La Certosa Reale di Collegno (To) sorse nel 1641 per iniziativa di Maria Cristina di Francia, ritornata da un pellegrinaggio alla “Grande Chartreuse”, ed era destinata a diventare uno dei centri più importanti della spiritualità dello stato sabaudo. Le difficoltà economiche costrinsero i sovrani a rivedere il loro progetto. Nel 1853 l’originario nucleo fu destinato progressivamente a Regio Manicomio ed utilizzato come sede dell’Ospedale Psichiatrico, fino a diventarne uno dei più grandi tra quelli italiani. Resta vero che i certosini per due secoli hanno avuto una parte importante nella vita di Collegno, lasciando questa traccia ancora oggi ben visibile.  Fuori della costruzione, e per la precisione verso la città, c’è uno splendido parco, che contiene al centro un anfiteatro che un tempo raccoglieva le acque utilizzate dai degenti lavoratori della “colonia agricola” per irrigare i prati. Intorno a questo luogo avvenne la creazione delle “Ville Regina Margherita” per i pensionanti abbienti; la matrice urbanistica dell’insediamento è appunto la “garden city”, propugnata dagli architetti inglesi Shaw, Webb e Lutyens, dove gli edifici sanitari sono rarefatti nella natura con l’obiettivo di favorire le finalità terapeutiche dei ricoverati alienati.  Percorrendo il viale che affianca l’ingresso monumentale, costruito su disegno del famoso architetto Juvarra e caratterizzato da un ordine dorico gigante, si trova la costruzione di Villa Rosa, un frammento della “Ville Radieuse” di lecorbuseriana memoria. Nel sottosuolo della Certosa ci sono dei vasti sotterranei, con gallerie e cunicoli purtroppo ancora dimenticati da tutti. Tra i gioielli artistici ospitati nel complesso, le Tombe marmoree dei Cavalieri della Santissima Annunziata; l’Antica Farmacia del ‘700 che conserva i preziosi arredi lignei ed i mortai originali che erano impiegati dai monaci per preparare i medicamenti; l’Aula Hospitalis, ospitante preziosi reperti anatomici risalenti al periodo del celebre studioso Cesare Lombroso; la biblioteca Medica del Regio Manicomio, frequentata a suo tempo dal premio nobel per la medicina Camillo Golgi, contiene 6000 volumi raccolti nei secoli di vita dell’ospedale psichiatrico, nonché altri 1400 dell’originalissima “biblioteca dei ricoverati”. Il tutto è a disposizione per gli studenti di medicina o gli studiosi.

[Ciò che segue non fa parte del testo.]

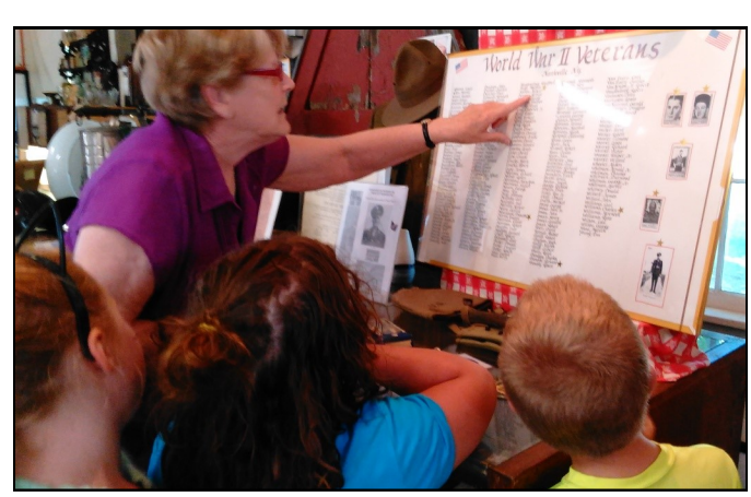
Gloria Fulmer showing the kids the name of a WW II veteran in their family

Categoria: La Certosa Reale appartiene alla categoria degli ex istituti religiosi e poi degli ex ospedali psichiatrici. Oggi ospita la locale Azienda Sanitaria e la sede dell’Università Italo-Francese.  Preservata come affascinante luogo di cultura e di didattica ambientale sia per la parte museale che per il vastissimo parco.
Indicazioni: Una visita alla Certosa Reale è indicata ai viaggiatori in tutti i periodi dell’anno: durante la calura estiva, tuttavia, trovandosi a pochi passi dalla città di Collegno, si può cercare scampo nel refrigerio del parco Dalla Chiesa.
Controindicazioni:

La Certosa Reale è sconsigliata di notte; i cancelli del nucleo architettonico sono chiusi, mentre nel buio i vialetti esterni si trasformano in un gioco di luci e ombre, dove neanche il più sabaudo dei frequentatori saprebbe evitare di emozionarsi. Va bene per i cuori forti.

Modalità d'uso-posologia:

La Certosa Reale è stata usata oltre ogni misura nel passato contemporaneamente da circa tremila pazienti, ovvero dalla sua apertura fino al 1978, data dell’abbattimento dei muri verso il mondo esterno. Poi, successivamente, con molta più moderazione. Attualmente, riportata agli antichi splendori, viene utilizzata per scopi diversi dal passato. Si consiglia di contattare il Comune di Collegno e la Direzione dell’Azienda Sanitaria per avere informazioni sulle modalità di visita della parte monumentale; inoltre, sugli orari d’apertura, per quanto riguarda i locali che ospitano le mostre d’arte o altri eventi culturali. Sappiate in ogni caso che si può approfittare di alcune trattorie nei pressi dell'ingresso Monumentale per evitare di restare a stomaco vuoto.

Somministrazione:

La Certosa Reale può essere visitata in mezza giornata; oppure a piccole dosi per visite separate al parco, museo e biblioteca medica, strutture monumentali.

Effetti collaterali:

Non se ne conoscono, se non quello di finire sotto un auto attraversando nelle ore di punta il trafficatissimo viale antistante oppure, nel profondo della notte, incontrare gli strani personaggi che frequentano il parco: lo spirito inquieto dello smemorato di Collegno (sarà  Canella o Bruneri?) e, solo per i francesi, il fantasma del priore ancora arrabbiato con Napoleone per la confisca dei beni.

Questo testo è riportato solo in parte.